[Data for processing Boundary: Start]

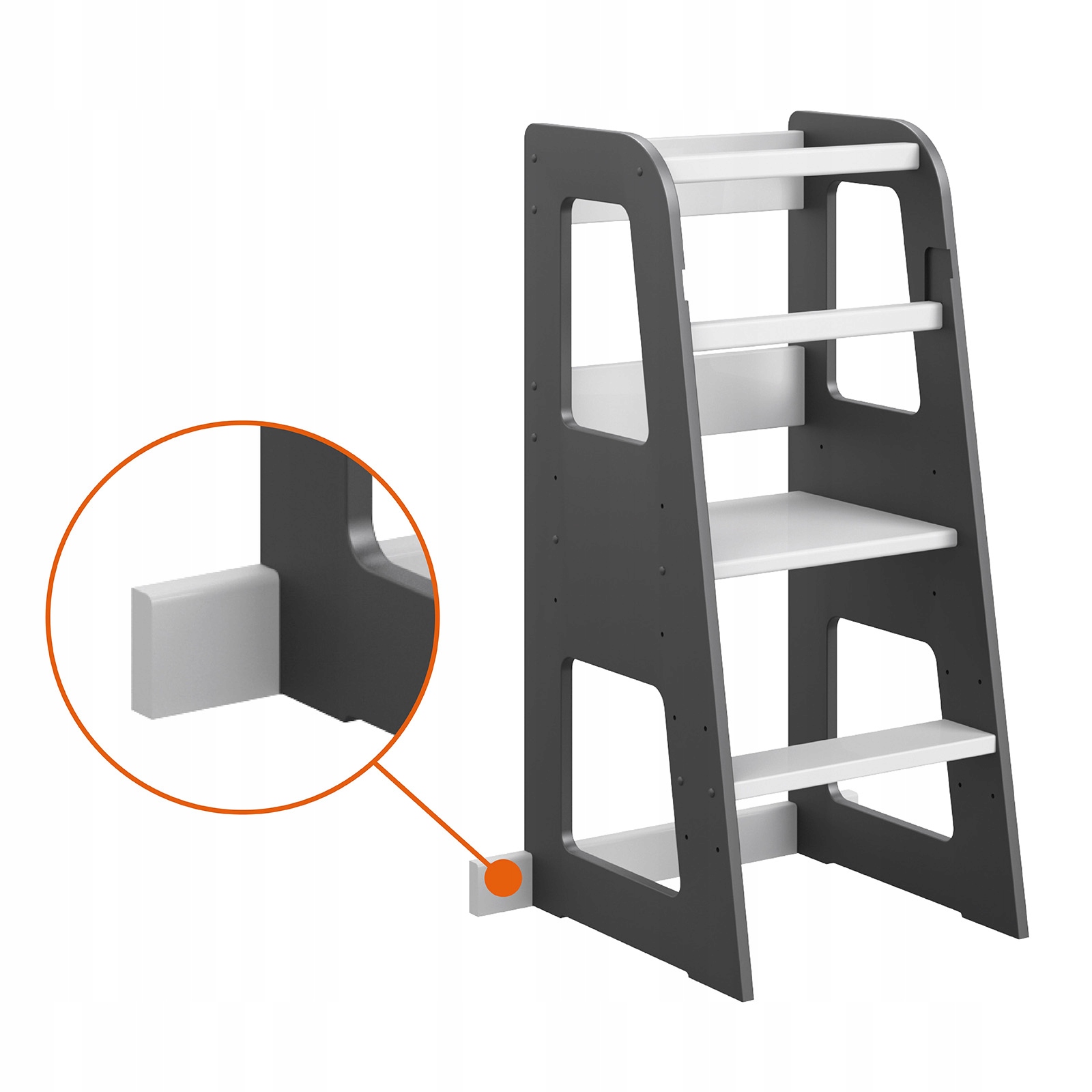 Конструкція кухонного помічника міцна та стабільна під час використання. Він оснащений додатковою запобіжною планкою, яка забезпечує безпечне використання маленькими дітьми. Штанга знімна, тому ви можете в будь-який момент витягнути її для старшої дитини, яка лазить самостійно.
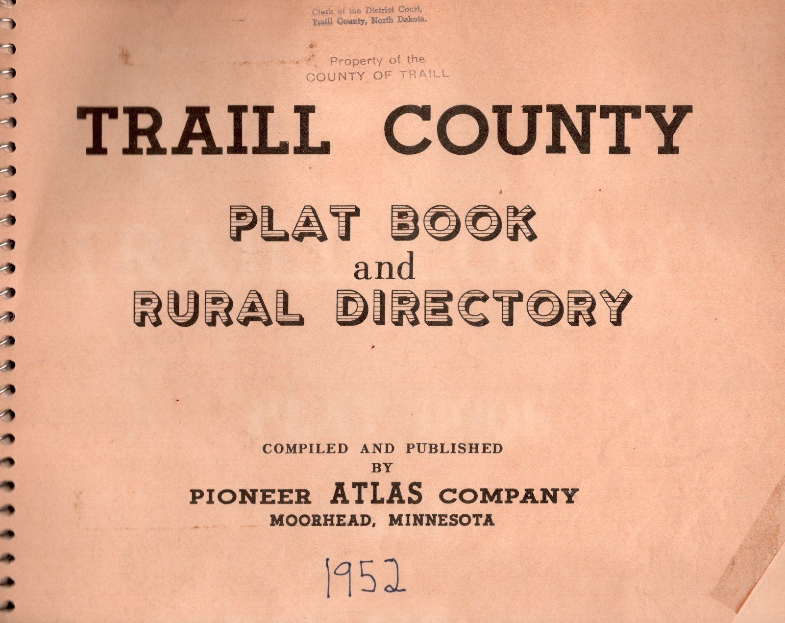 The spiral-bound Atlas for Traill County, published in 1952, includes Township plat maps and a rural directory by name, PO Address, Township location, and whether land was owned or rented.Cataloged By
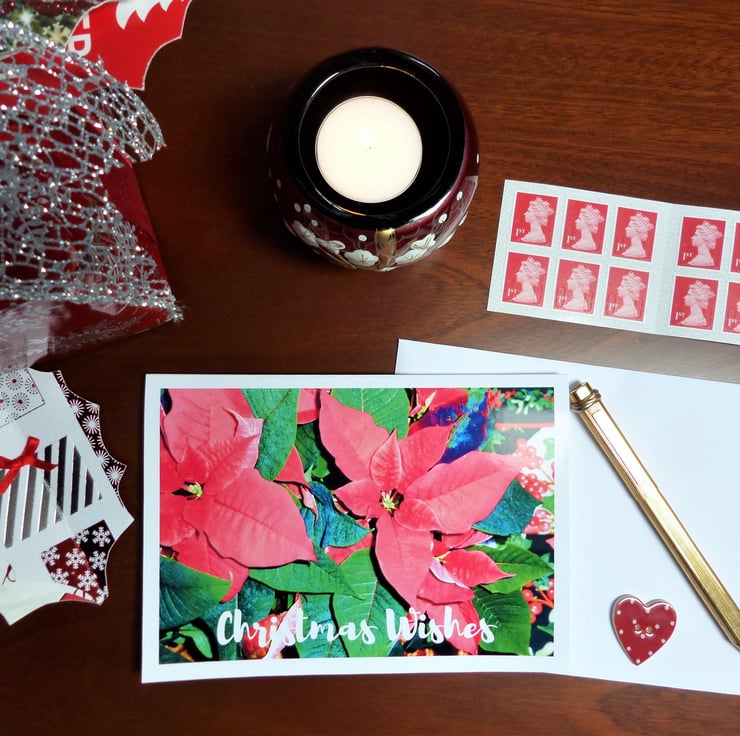 This image is a digitally enhanced version of one of my original photographs. The card will be printed by me on good quality 240gsm cardstock with a gloss finish. It is 7 x 5 ins and is supplied with a plain white envelope. The front of the card has the words 'Christmas Wishes'. On the back is a smaller picture of the original photo along with brief details. It is blank inside for your own greeting.
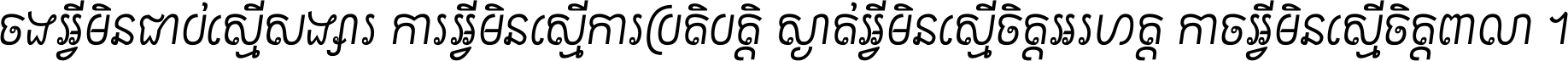 ចង​អ្វី​មិន​ជាប់​ស្មើ​សង្សារ ការ​អ្វី​មិន​ស្មើ​ការ​ប្រតិបត្តិ ស្ងាត់​អ្វី​មិន​ស្មើ​​ចិត្ត​អរហត្ត​ កាច​អ្វី​មិន​ស្មើ​ចិត្ត​ពាលា ។
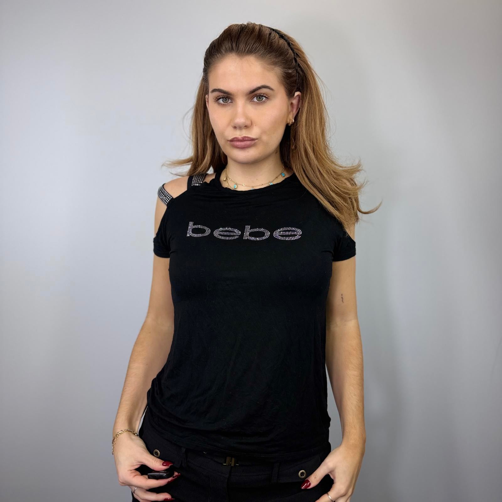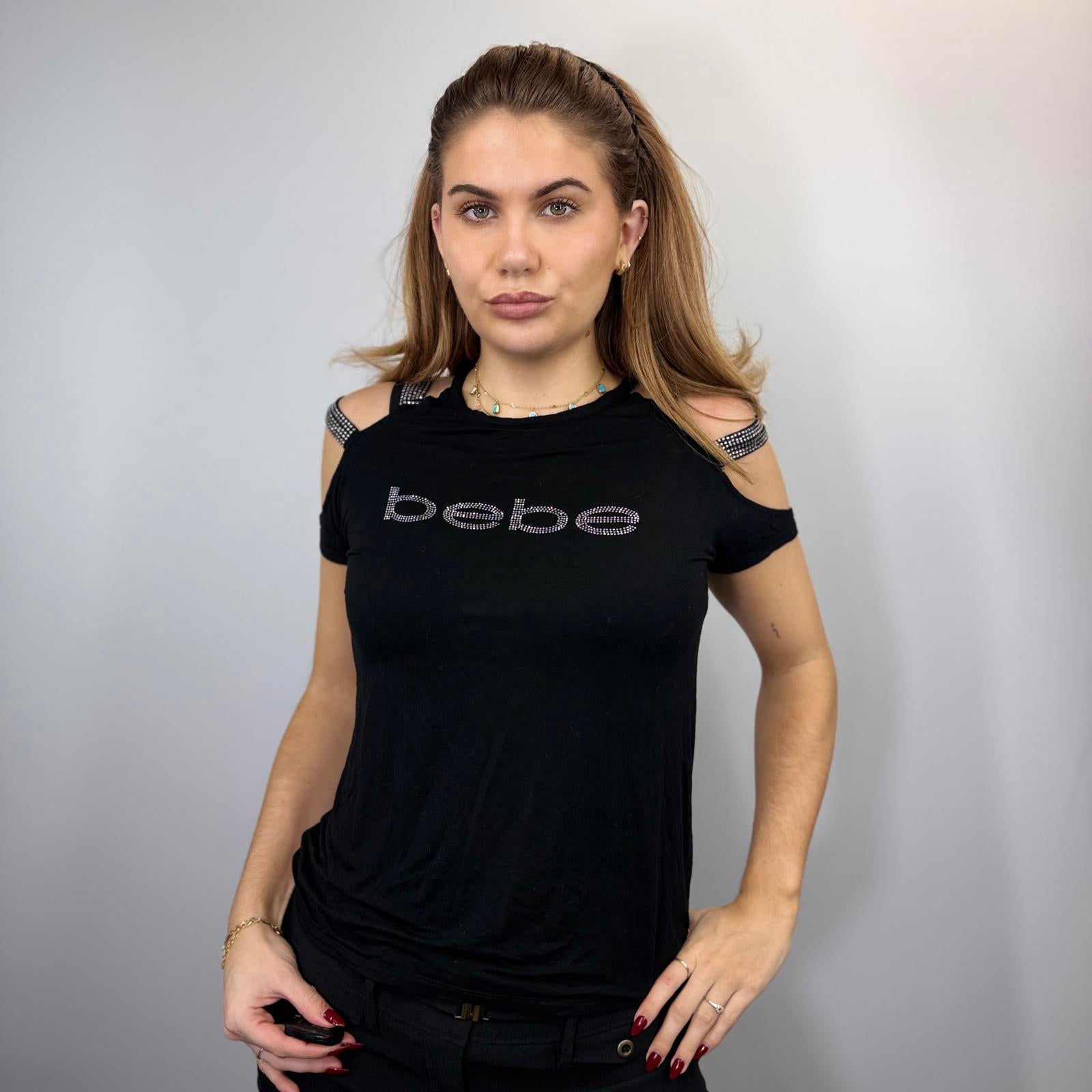 Iconic Y2K black Bebe cold shoulder top featuring rhinestone logo detailing across the front and embellished strap accents. Soft stretch fabric with a flattering fitted silhouette, giving ultimate early 2000s glam vibes. Perfect for pairing with low-rise jeans, mini skirts or heels for that true 00s going-out look. A must-have vintage statement piece for any Y2K wardrobe. Please note the material is a little worn still life left.
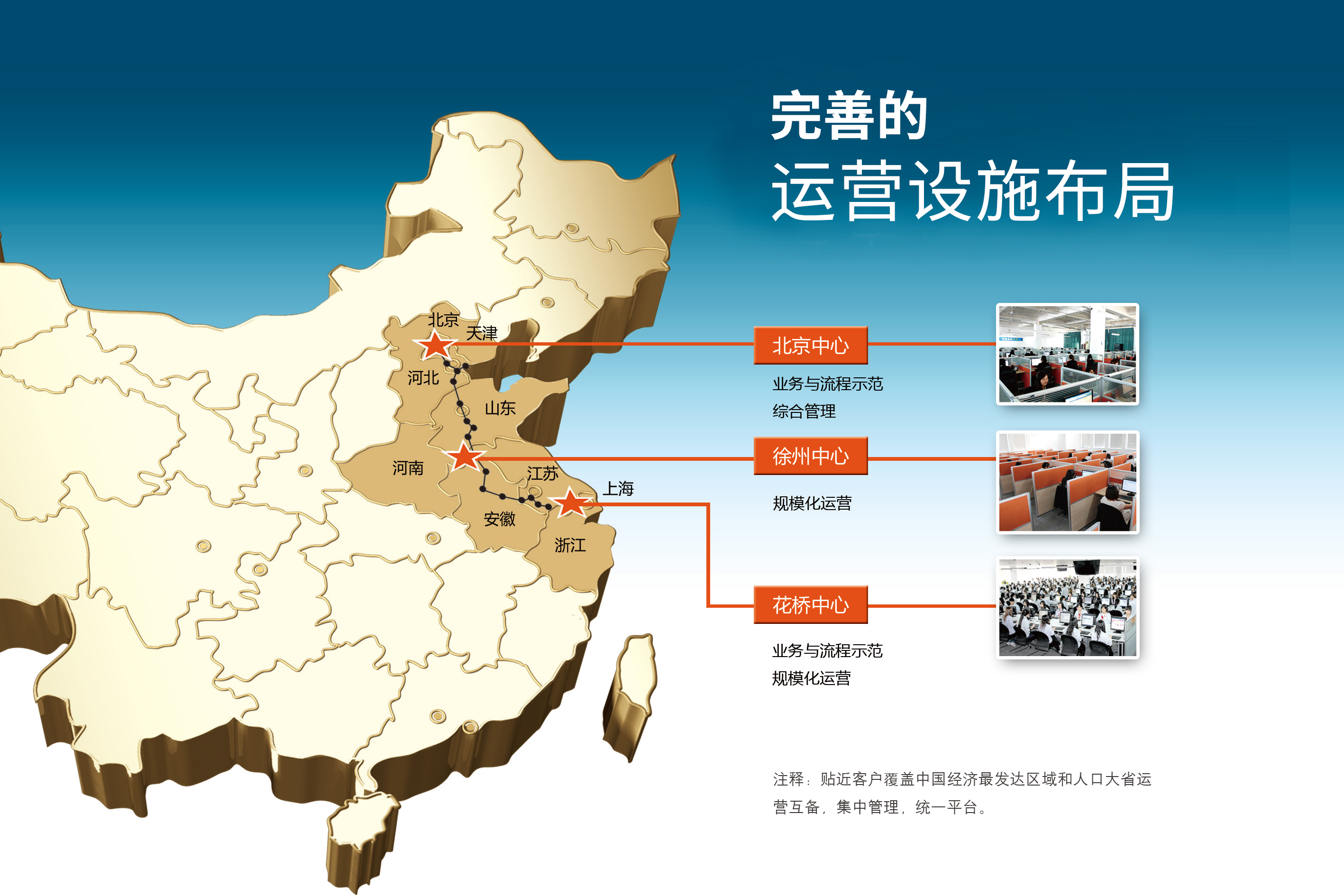 作为自古以来的战略要地,江苏省徐州市地处四省交界,人力资源充沛。在京沪高铁线上,徐州介于北京和上海中间,方便客户现场督导、检查的同时,也利于ok138cn太阳集团实现三地职场的统一管理,实现公司整体在业务运营、人力招聘等多个环节互备,相互依托,满足未来业务快速增长的需要。
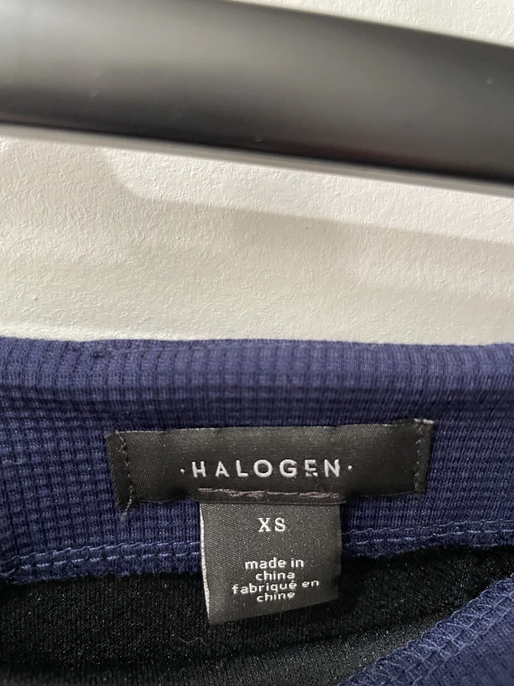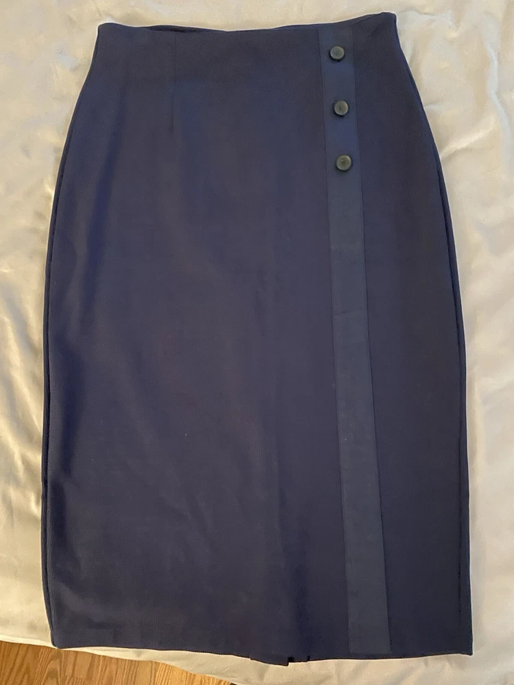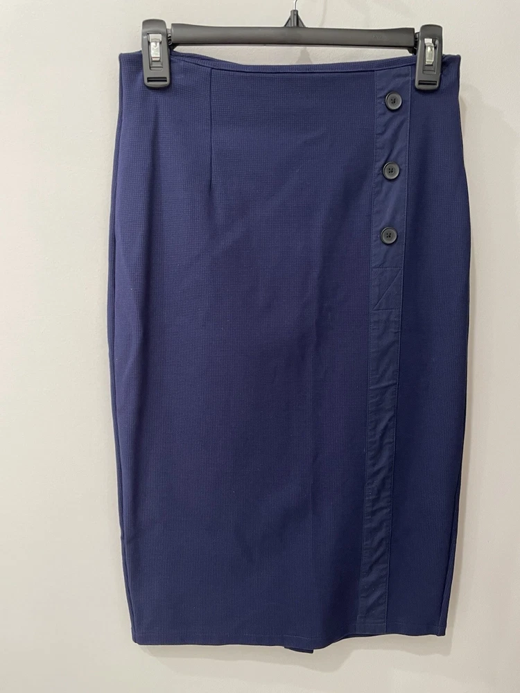 This Halogen skirt is a size XS in a solid blue color with a front side button design and back split. It is made of a Rayon Nylon Spandex fabric blend, tailored in a straight & pencil style. The skirt is below the knee in length and perfect for a fashionable and professional look.

[Data for processing Boundary: End]

### Your assignment
Please repeat each record exactly and keep every picture out of the copy.

### Response box
 Конструкція кухонного помічника міцна та стабільна під час використання. Він оснащений додатковою запобіжною планкою, яка забезпечує безпечне використання маленькими дітьми. Штанга знімна, тому ви можете в будь-який момент витягнути її для старшої дитини, яка лазить самостійно.
 The spiral-bound Atlas for Traill County, published in 1952, includes Township plat maps and a rural directory by name, PO Address, Township location, and whether land was owned or rented.Cataloged By
 This image is a digitally enhanced version of one of my original photographs. The card will be printed by me on good quality 240gsm cardstock with a gloss finish. It is 7 x 5 ins and is supplied with a plain white envelope. The front of the card has the words 'Christmas Wishes'. On the back is a smaller picture of the original photo along with brief details. It is blank inside for your own greeting.
 ចង​អ្វី​មិន​ជាប់​ស្មើ​សង្សារ ការ​អ្វី​មិន​ស្មើ​ការ​ប្រតិបត្តិ ស្ងាត់​អ្វី​មិន​ស្មើ​​ចិត្ត​អរហត្ត​ កាច​អ្វី​មិន​ស្មើ​ចិត្ត​ពាលា ។
 Iconic Y2K black Bebe cold shoulder top featuring rhinestone logo detailing across the front and embellished strap accents. Soft stretch fabric with a flattering fitted silhouette, giving ultimate early 2000s glam vibes. Perfect for pairing with low-rise jeans, mini skirts or heels for that true 00s going-out look. A must-have vintage statement piece for any Y2K wardrobe. Please note the material is a little worn still life left.
 作为自古以来的战略要地,江苏省徐州市地处四省交界,人力资源充沛。在京沪高铁线上,徐州介于北京和上海中间,方便客户现场督导、检查的同时,也利于ok138cn太阳集团实现三地职场的统一管理,实现公司整体在业务运营、人力招聘等多个环节互备,相互依托,满足未来业务快速增长的需要。
 This Halogen skirt is a size XS in a solid blue color with a front side button design and back split. It is made of a Rayon Nylon Spandex fabric blend, tailored in a straight & pencil style. The skirt is below the knee in length and perfect for a fashionable and professional look.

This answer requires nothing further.